You might want to read the `transformers` v4.28.1 documentation on:

* [`transformers.AutoTokenizer`](https://huggingface.co/docs/transformers/v4.28.1/en/model_doc/auto#transformers.AutoTokenizer) ... generic tokenizer class that will be instantiated as one of the tokenizer classes of the library when created with the [`AutoTokenizer.from_pretrained()`](https://huggingface.co/docs/transformers/v4.28.1/en/model_doc/auto#transformers.AutoTokenizer.from_pretrained) class method.
* [`transformers.AutoModelForCausalLM`](https://huggingface.co/docs/transformers/v4.28.1/en/model_doc/auto#transformers.AutoModelForCausalLM) ... generic model class that will be instantiated as one of the model classes of the library (with a causal language modeling head) when created with the [`from_pretrained()`](hhttps://huggingface.co/docs/transformers/v4.28.1/en/model_doc/auto#transformers.AutoTokenizer.from_pretrained) class method or the [`from_config()`](https://huggingface.co/docs/transformers/v4.28.1/en/model_doc/auto#transformers.AutoModelForCausalLM.from_config) class method.

In [1]:
import torch

from transformers import AutoTokenizer, AutoModelForCausalLM

In [2]:
device = 'cuda' if torch.cuda.is_available() else 'cpu'
model_name = 'gpt2-xl'

tokenizer = AutoTokenizer.from_pretrained(model_name)
model = AutoModelForCausalLM.from_pretrained(model_name).to(device)

#### NOTE!

* Using `huggingface-cli`, [`scan`](https://huggingface.co/docs/huggingface_hub/guides/manage-cache#scan-your-cache) your cache and confirm that the GPT-2 XL model we just downloaded takes up ~6.4G of space.
* Looking up the files at [Files and versions tab for `gpt2-xl` on HF](https://huggingface.co/gpt2-xl/tree/main), see how `pytorch_model.bin`is 6.43G is size!
* You may want to [`clear`](https://huggingface.co/docs/huggingface_hub/guides/manage-cache#clean-your-cache) your HF cache-system as needed with `huggingface-cli`.

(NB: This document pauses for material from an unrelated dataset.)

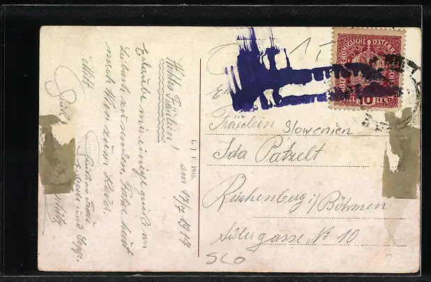alte Ansichtskarte, gelaufen 1917, Stempelspur, rückseitig Klebe- und Papierreste, rückseitig Oberflächenschaden, guter Zustand

### Naive implementation of greedy decoding method

> The simplest decoding method to get discrete tokens from a model's continuous output is to greedily select the token with the highest probability at each timestep:
> 
> $ \hat{y}_{t} =\underset{y_t}{\operatorname{argmax}}{P}\left( y_{t} | y_{<t} , x \right) $


We implement the decoding method of this autoregressive model so that we can learn how things are done under the hood.

Please see:
* [`torch.argsort`](https://pytorch.org/docs/1.11/generated/torch.argsort.html?highlight=argsort#torch.argsort) ... returns the indices that sort a tensor along a given dimension in ascending order by value.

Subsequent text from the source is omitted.